As Gertrude’s condition deteriorated, a doctor tried to convince Joe to move Gertrude to a nursing home. He angrily refused, his justification based on his wedding vows – for better or for worse, in sickness and in health.

“They said (nursing home care) would help me because then I can get away,” he said. “Where would I go? What would I do? Come home to an empty house? As rough as it is, it would be rougher without her. Sixty-two years (of marriage) is a lifetime. I can’t see my life without her.”

Sister of Mercy Barbara Supanich, a family physician for 25 years, has seen many cases of “caregiver burnout” with patients suffering a crisis of faith. She was recently named to a fellowship in palliative medicine established by Community Hospice of Northeast Florida and Mayo Clinic in Jacksonville. Dr. Supanich said she often counsels caregivers who questioned the existence of God.

“I’ve said, ‘Well, maybe you ought to rethink this, maybe there is a God, because you’re here with me, someone who can help you find resources to take care of your loved one,’” Dr. Supanich said. “Most of the time caregivers say these things out of frustration, when they’re feeling vulnerable and alone.”

Dr.
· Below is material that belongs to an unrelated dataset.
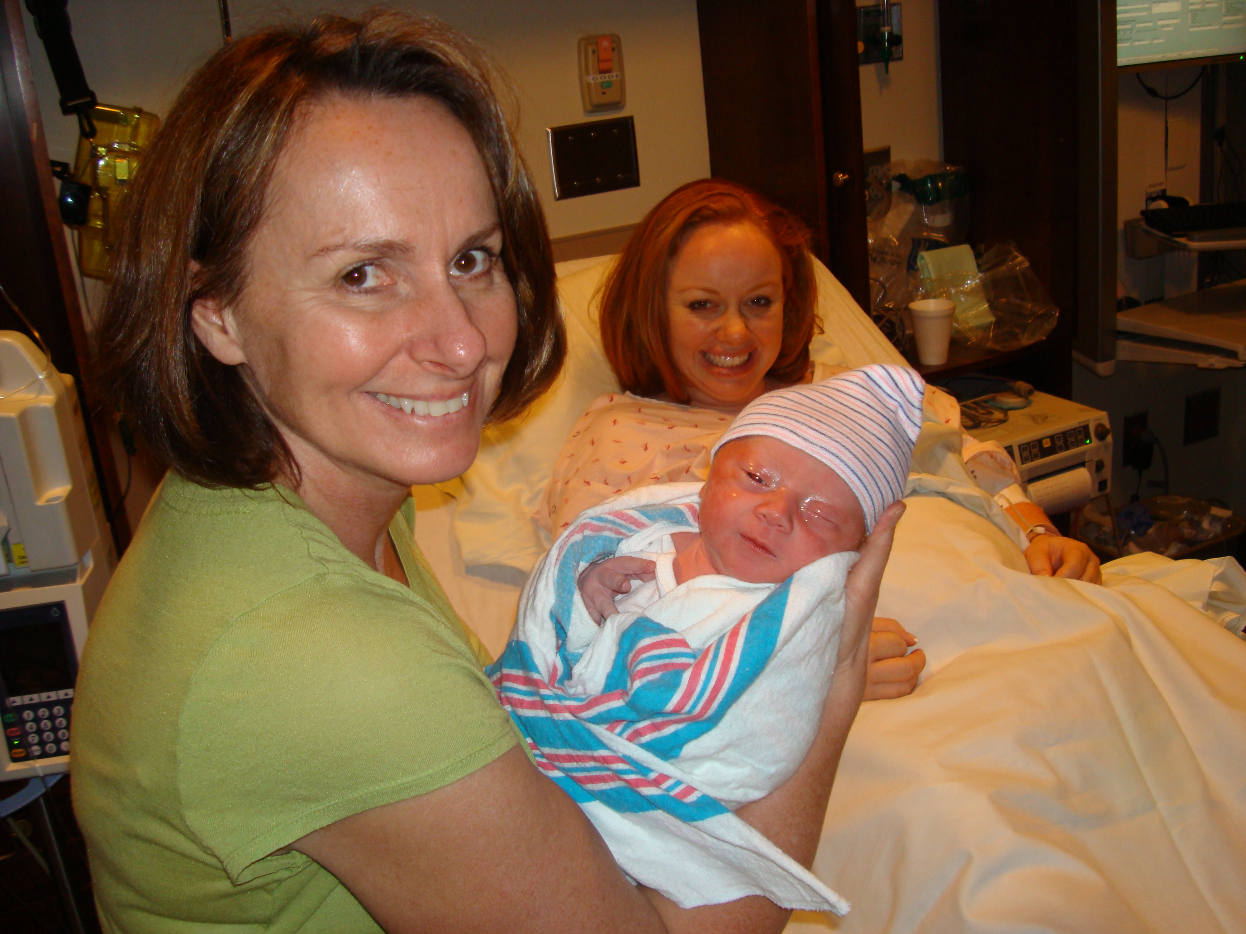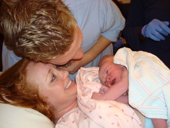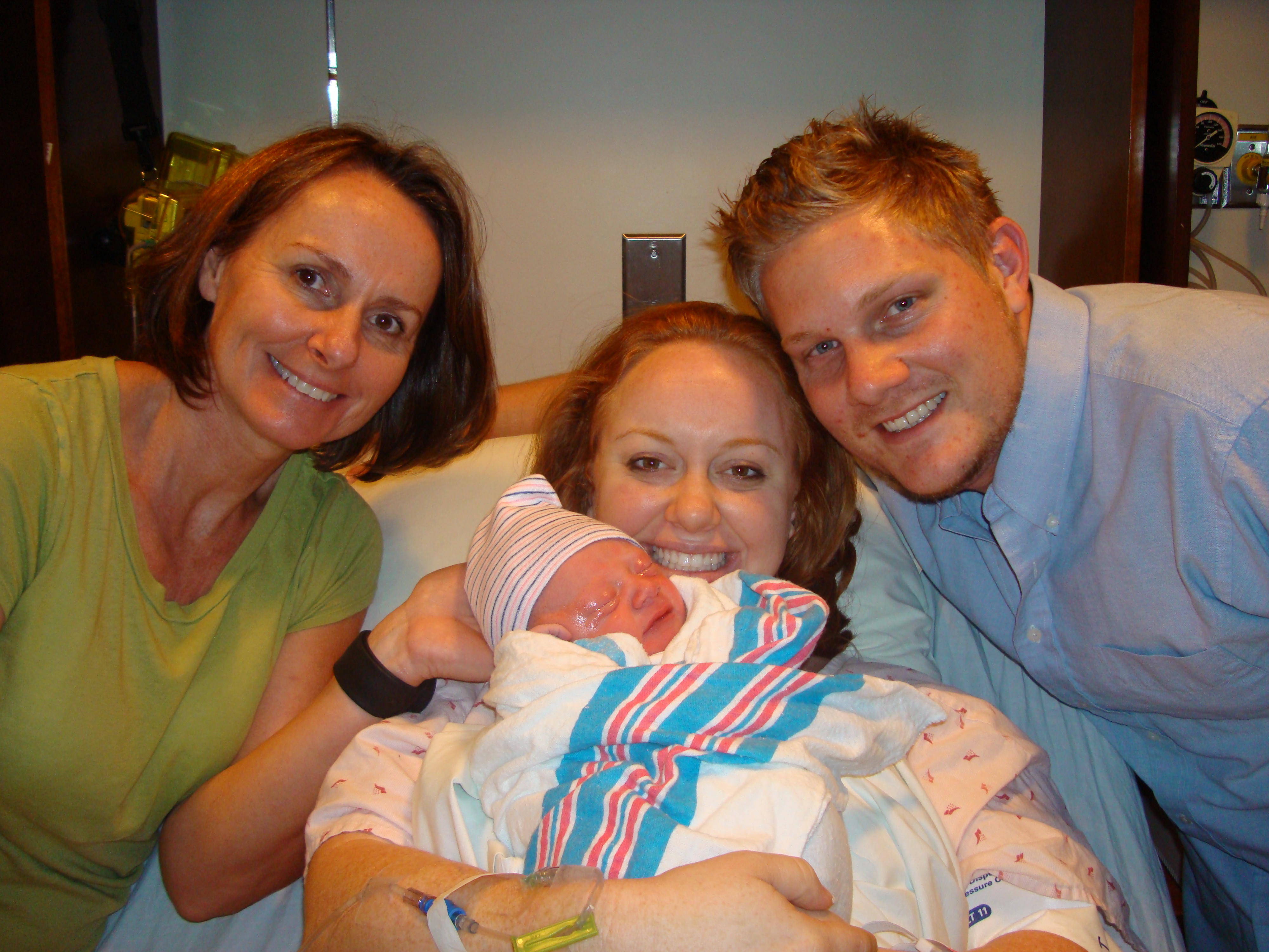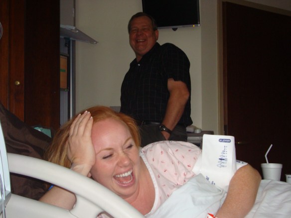 I had Ian’s hand in one hand, my mom’s in the other, squeezing as hard as I could, looking deep into each of their eyes for encouraging words.  My dad was on call, stuck at the hospital in South Carolina, and my brother put him on speaker phone, so he was able to be with us through it all.  My mom would pick up the phone and give him updates as often as possible. (I am 110% convinced that I would not have been able to make it through this without either of them.  They were the best “birthing coaches” I could ever have asked for.)

Supanich recommends that caregivers join an Alzheimer’s support group, talk to a clergy member or mental health specialist and arrange for part-time assistance.
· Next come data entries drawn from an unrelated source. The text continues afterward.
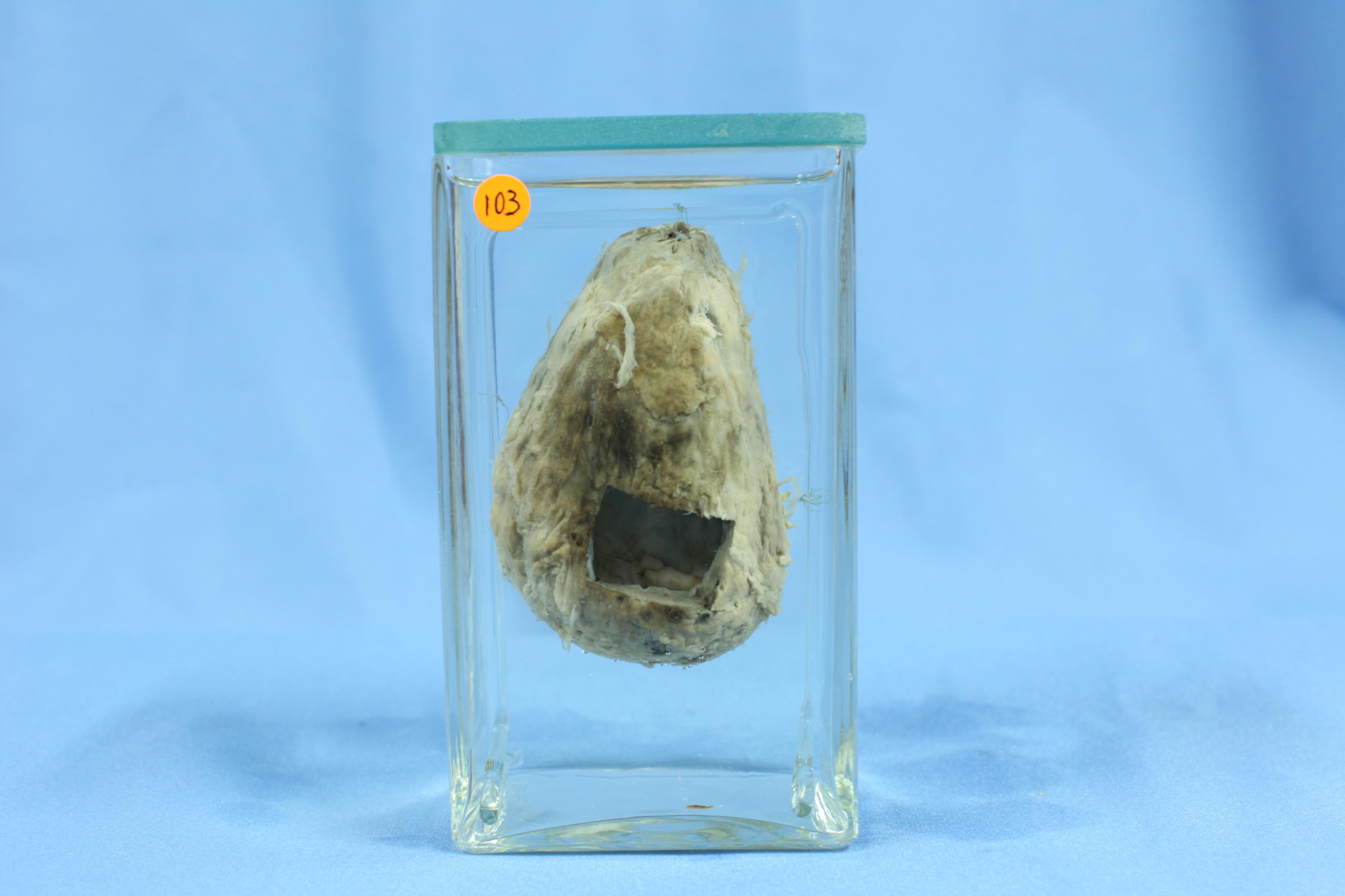 剖开子宫内见羊水已被吸收,胎儿被挤压而干涸,成白色羊皮纸样。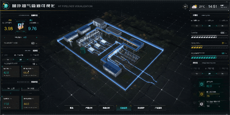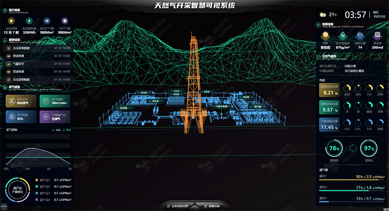 智慧天然气开采界面实现可交互式的三维场景,场景内进行缩放、平移、旋转。两侧 2D 面板接入实时数据,展示天然气产量、设备故障信息、采气纯度、采气效率、天然气存量等信息。界面底部的切换按钮可查看气田的线框状态。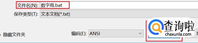 把文件名改为“数字雨.bat”,注意:后缀名一定要为“.bat”,点击保存。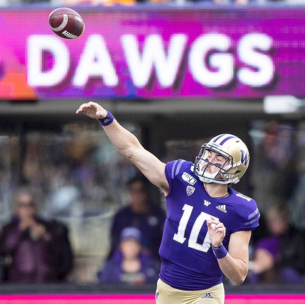 Andy Bao | Seattle Times/TNS Washington Huskies quarterback Jacob Eason (10) passes during the second half against USC on Saturday, Sept. 28, 2019 at Husky Stadium in Seattle, Wash.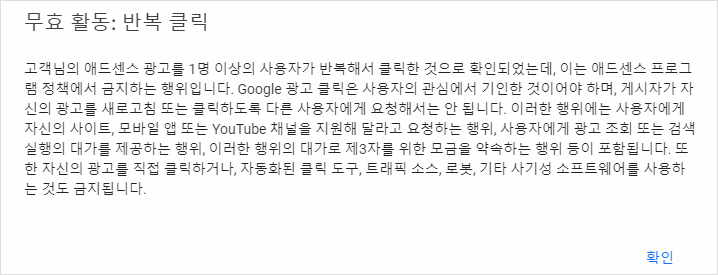 구글 애드센스의 부정 클릭을 정의하는 페이지입니다.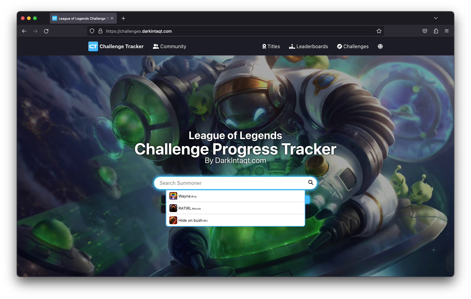 DarkIntaqt's Challenge Tracker is a versatile and comprehensive tool that offers players an efficient way to get in-depth insights on their challenge progress. You can quickly get an overview of the rank-up requirements for your challenges and their associated titles, view visualizations of your general progress and even game- or date-based breakdowns of your recent activity.

In 2000, the D’Arienzos moved from California to Jacksonville at the urging of Joe’s nephew who lives in Ponte Vedra Beach. They are currently living in an apartment and are getting ready to purchase a condominium in a retirement community. While he is still the primary caregiver, at 84, Joe now has a part-time nurse to help him care for Gertrude.

The medical community strongly recommends that caregivers seek help when caring for a loved one with long-term health issues. Joe has hired a nurse to help with Gertrude’s care at home.
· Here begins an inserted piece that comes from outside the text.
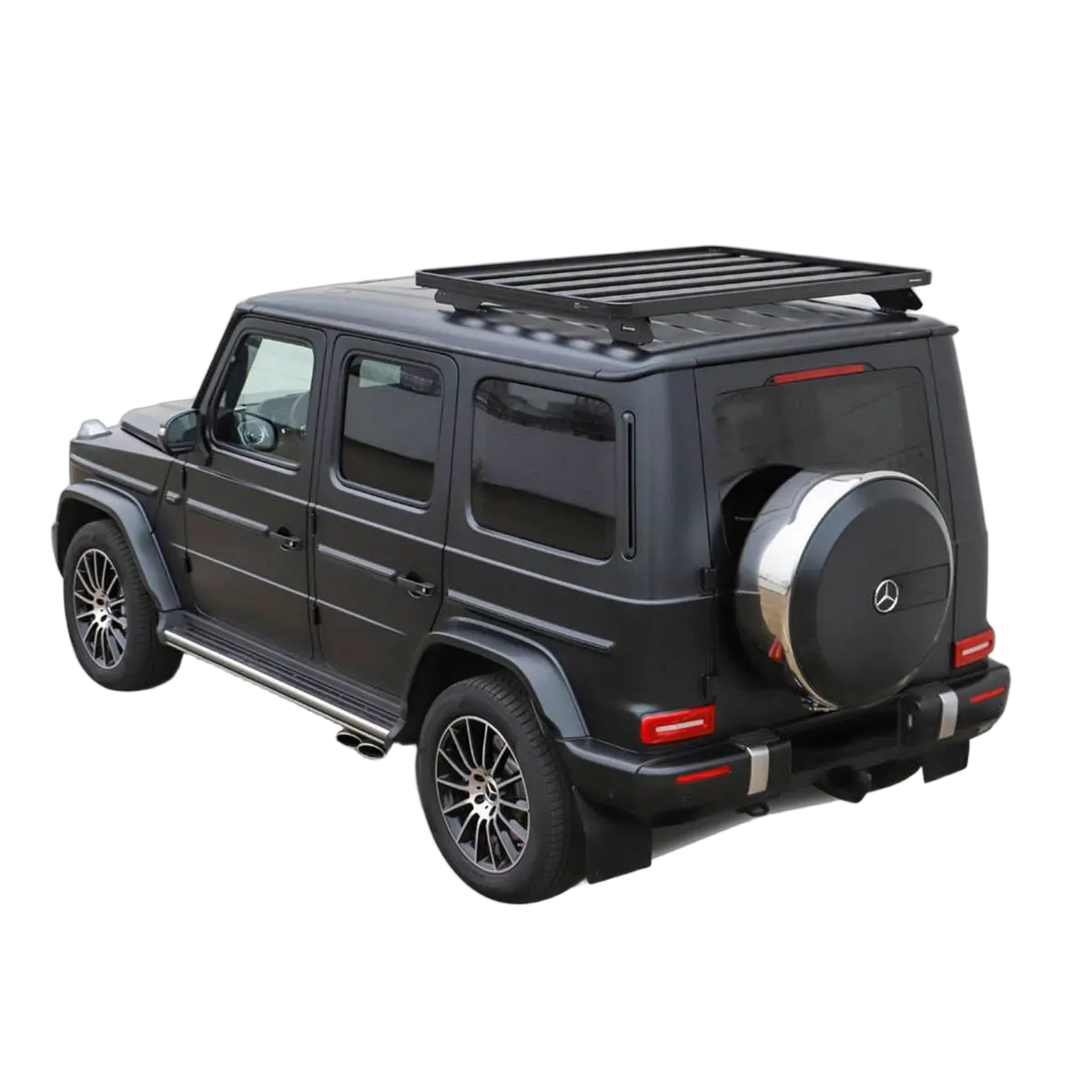 This 1964mm/77.3” long full-size Slimline II cargo roof rack kit contains the Slimline II Tray, Wind Deflector and 2 Foot Rails to mount the Slimline II Tray to your G-Class. Easily installs using the existing factory mounting points. No drilling required.

To help cope with the strain of care giving, Joe joined an Alzheimer’s support group and talks to a social worker every three weeks.

Friends urged him to go on a private retreat at Marywood. At first Joe was nervous leaving Gertrude, but he found the separation didn’t upset her. At Marywood he reads the Bible, walks the Stations of the Cross in the woods, meditates and prays at the statue of Mary. It is his way of recharging himself emotionally and spiritually.

At the end of our interview, Joe walks through the living room to the front door. Gertrude appears, bundled in a heavy sweater and wearing an upturned smile. She looks at Joe with wide, childlike eyes. He asked her where she’s going.

“I’m going to go see Mother,” Gertrude said.

“Gert, your mother’s in heaven,” he said.

“Well, then I’ll just go up there and see her,” she replied.

A key is needed to unlock the front door; the lock was installed to keep Gertrude from wandering from the apartment. At the sound of keys, she firmly grabbed Joe’s hand.

“You’re not leaving me, are you?” she asked. Joe holds her as he opens the door to let his visitor out. He smiled at her.

“No, Gert, I’m never going to leave you,” he said.